[[ INPUT DATA, beginning ]]
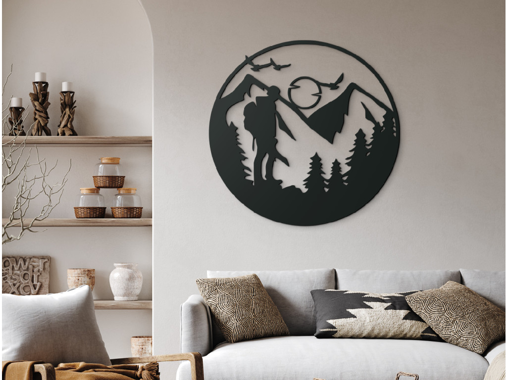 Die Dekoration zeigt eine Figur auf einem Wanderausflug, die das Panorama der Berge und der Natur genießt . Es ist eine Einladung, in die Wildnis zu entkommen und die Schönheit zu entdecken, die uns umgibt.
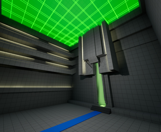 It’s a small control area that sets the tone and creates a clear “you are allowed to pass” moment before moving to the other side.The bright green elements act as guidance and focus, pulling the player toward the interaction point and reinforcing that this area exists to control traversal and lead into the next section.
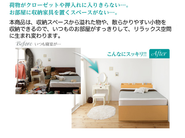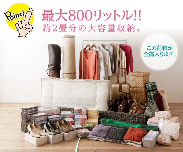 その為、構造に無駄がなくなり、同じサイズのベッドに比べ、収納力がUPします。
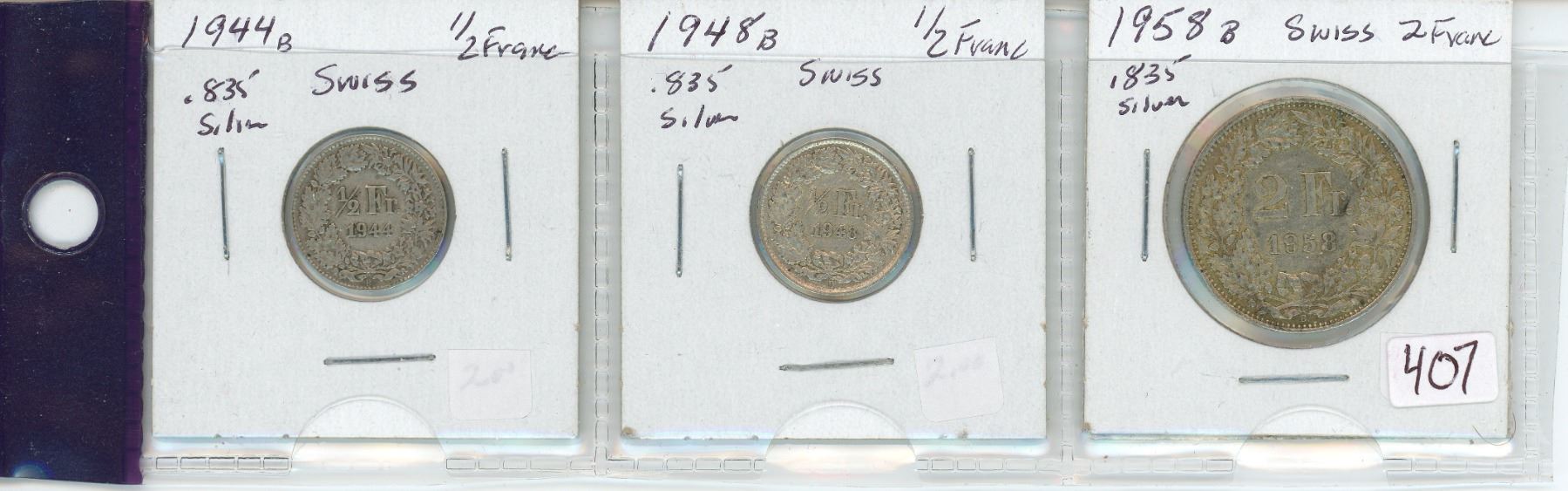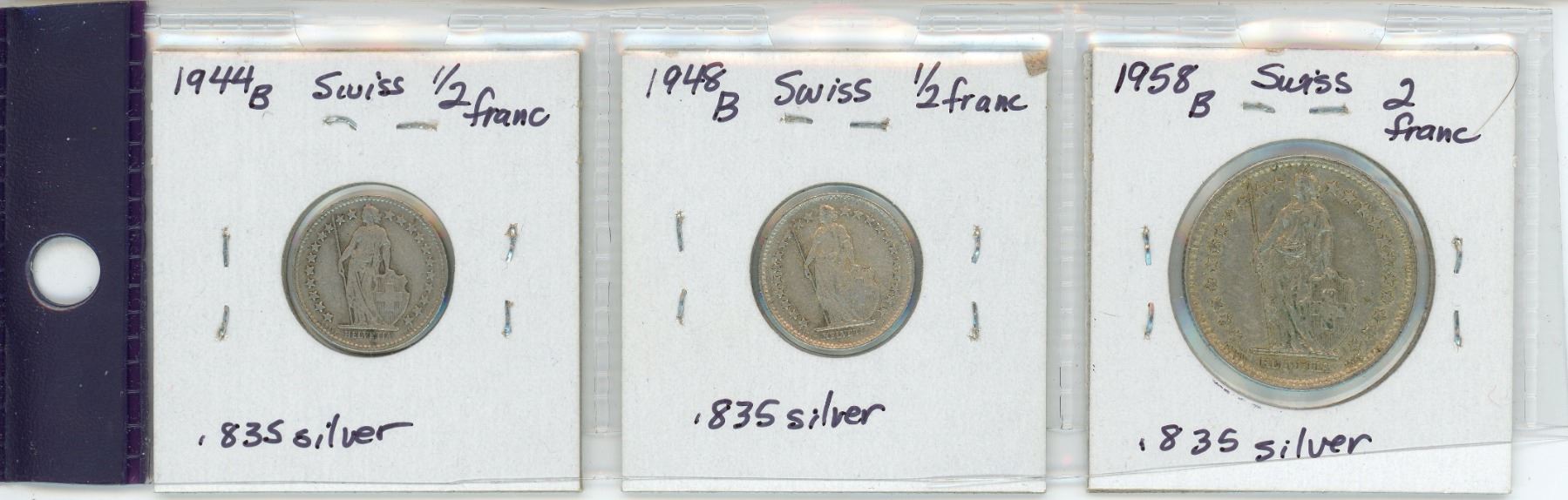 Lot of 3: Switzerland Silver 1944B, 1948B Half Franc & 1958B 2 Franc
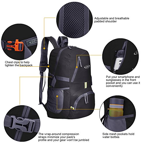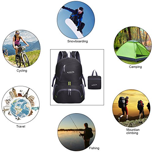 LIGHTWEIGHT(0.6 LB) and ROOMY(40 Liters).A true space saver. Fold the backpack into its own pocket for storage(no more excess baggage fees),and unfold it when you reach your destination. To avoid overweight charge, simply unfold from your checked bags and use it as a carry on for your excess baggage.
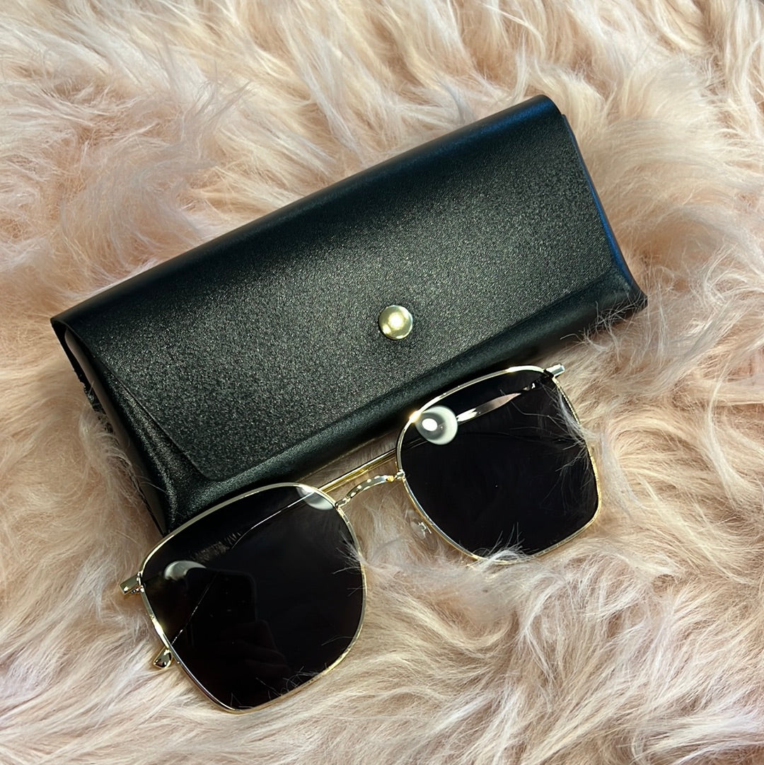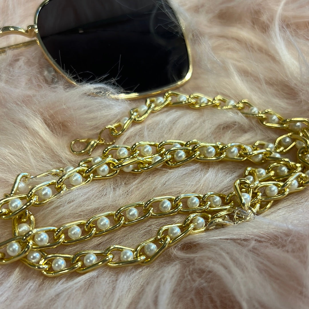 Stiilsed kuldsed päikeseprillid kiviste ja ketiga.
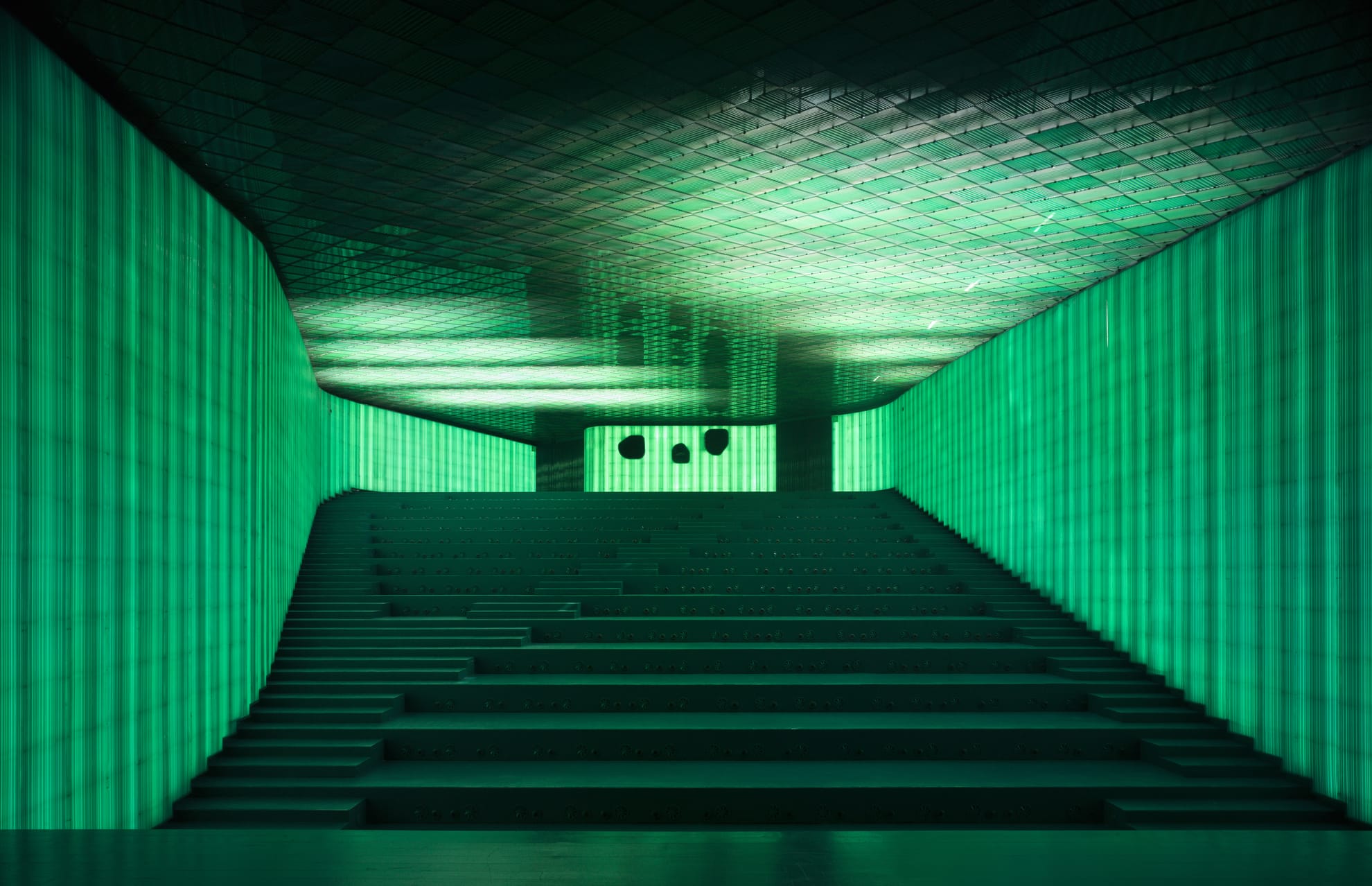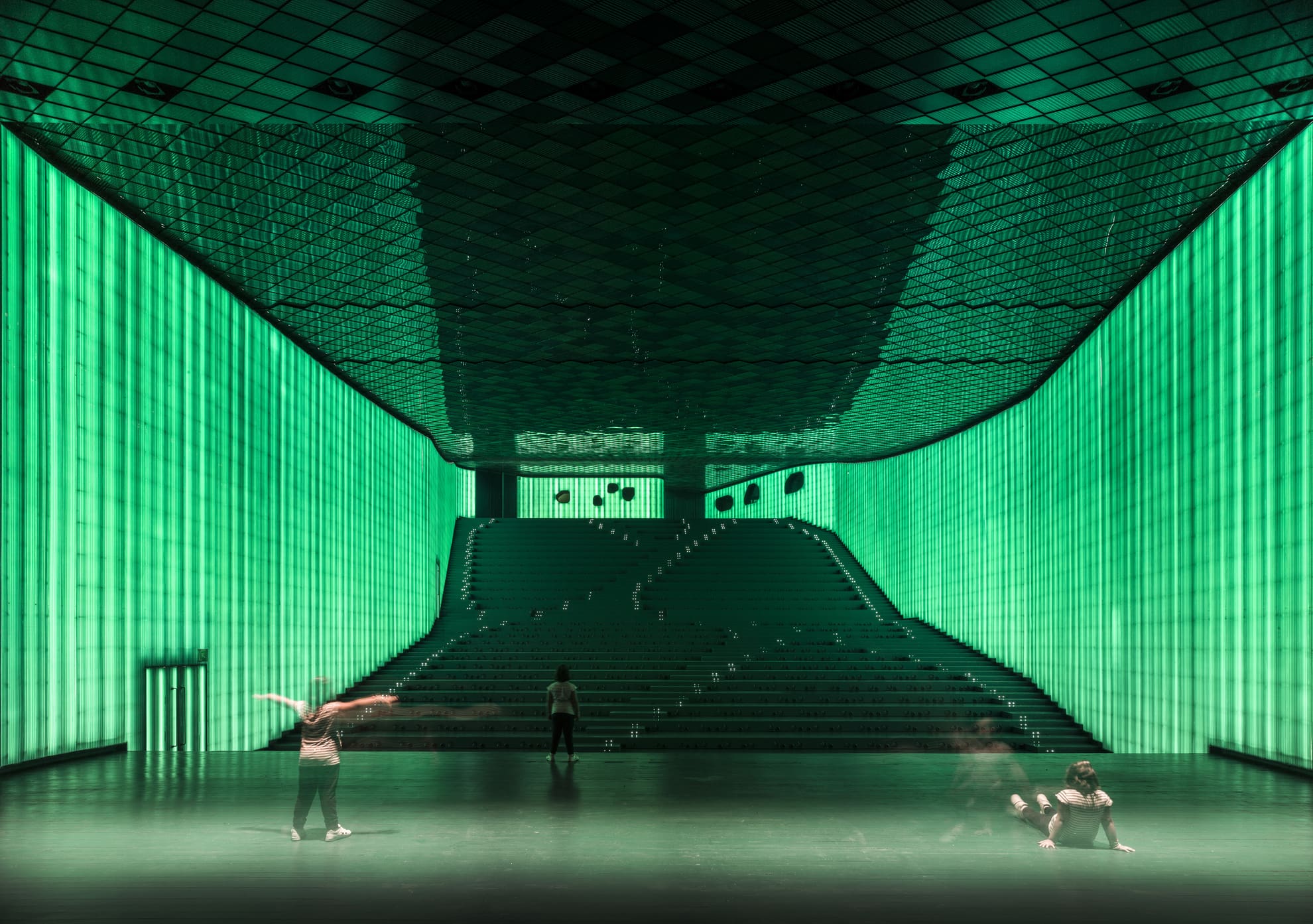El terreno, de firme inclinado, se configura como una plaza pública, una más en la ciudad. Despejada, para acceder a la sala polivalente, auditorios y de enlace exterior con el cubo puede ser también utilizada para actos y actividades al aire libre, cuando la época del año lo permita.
[[ INPUT DATA, end ]]
[[ INPUT DATA, beginning ]]
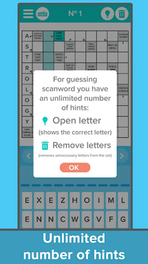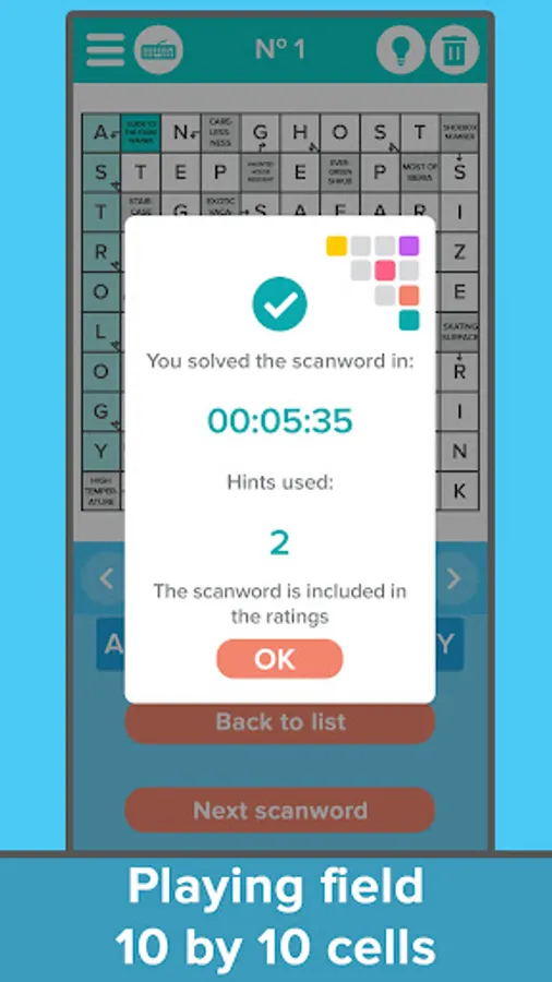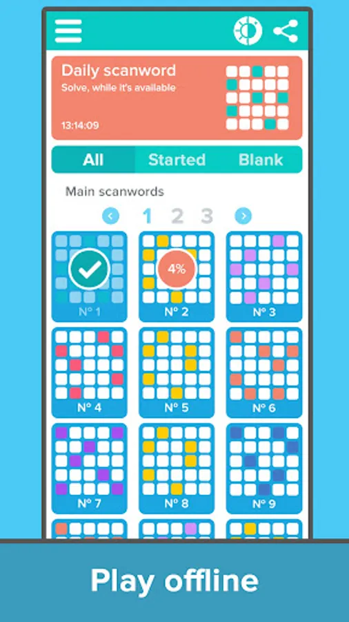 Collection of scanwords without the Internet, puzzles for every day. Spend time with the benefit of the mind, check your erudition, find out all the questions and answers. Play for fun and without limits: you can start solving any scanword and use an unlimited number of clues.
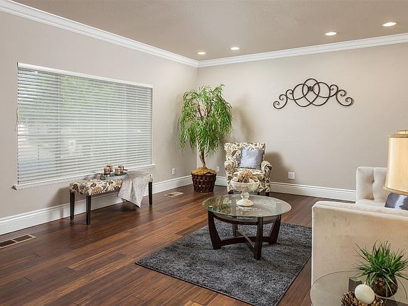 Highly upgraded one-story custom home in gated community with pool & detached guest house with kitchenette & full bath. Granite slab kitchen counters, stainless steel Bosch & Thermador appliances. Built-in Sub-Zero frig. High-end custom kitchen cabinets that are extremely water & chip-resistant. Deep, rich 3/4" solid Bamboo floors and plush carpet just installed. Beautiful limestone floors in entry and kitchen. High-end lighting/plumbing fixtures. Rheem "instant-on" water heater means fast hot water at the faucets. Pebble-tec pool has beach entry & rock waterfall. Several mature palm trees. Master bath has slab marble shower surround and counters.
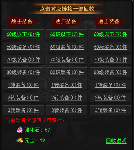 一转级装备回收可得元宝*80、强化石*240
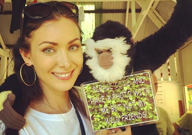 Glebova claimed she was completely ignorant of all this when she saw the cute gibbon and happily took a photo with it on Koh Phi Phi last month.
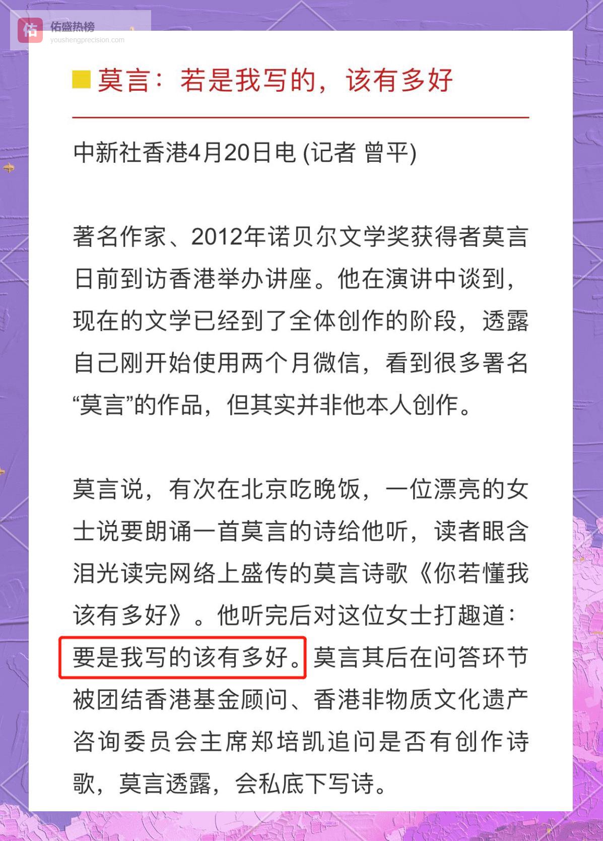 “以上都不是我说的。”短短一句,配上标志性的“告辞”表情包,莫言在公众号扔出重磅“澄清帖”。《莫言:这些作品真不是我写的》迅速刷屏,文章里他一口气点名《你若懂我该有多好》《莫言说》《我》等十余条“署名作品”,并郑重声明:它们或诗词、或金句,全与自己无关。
[[ INPUT DATA, end ]]
▸ TASK OBJECTIVE
Working from the data above, repeat exactly, and only, the lines that begin at the line containing "It’s a small" and stop after the line containing "Stiilsed kuldsed päikeseprillid"; pictures are not copied.

▸ RESPONSE TO THIS EXERCISE
 It’s a small control area that sets the tone and creates a clear “you are allowed to pass” moment before moving to the other side.The bright green elements act as guidance and focus, pulling the player toward the interaction point and reinforcing that this area exists to control traversal and lead into the next section.
 その為、構造に無駄がなくなり、同じサイズのベッドに比べ、収納力がUPします。
 Lot of 3: Switzerland Silver 1944B, 1948B Half Franc & 1958B 2 Franc
 LIGHTWEIGHT(0.6 LB) and ROOMY(40 Liters).A true space saver. Fold the backpack into its own pocket for storage(no more excess baggage fees),and unfold it when you reach your destination. To avoid overweight charge, simply unfold from your checked bags and use it as a carry on for your excess baggage.
 Stiilsed kuldsed päikeseprillid kiviste ja ketiga.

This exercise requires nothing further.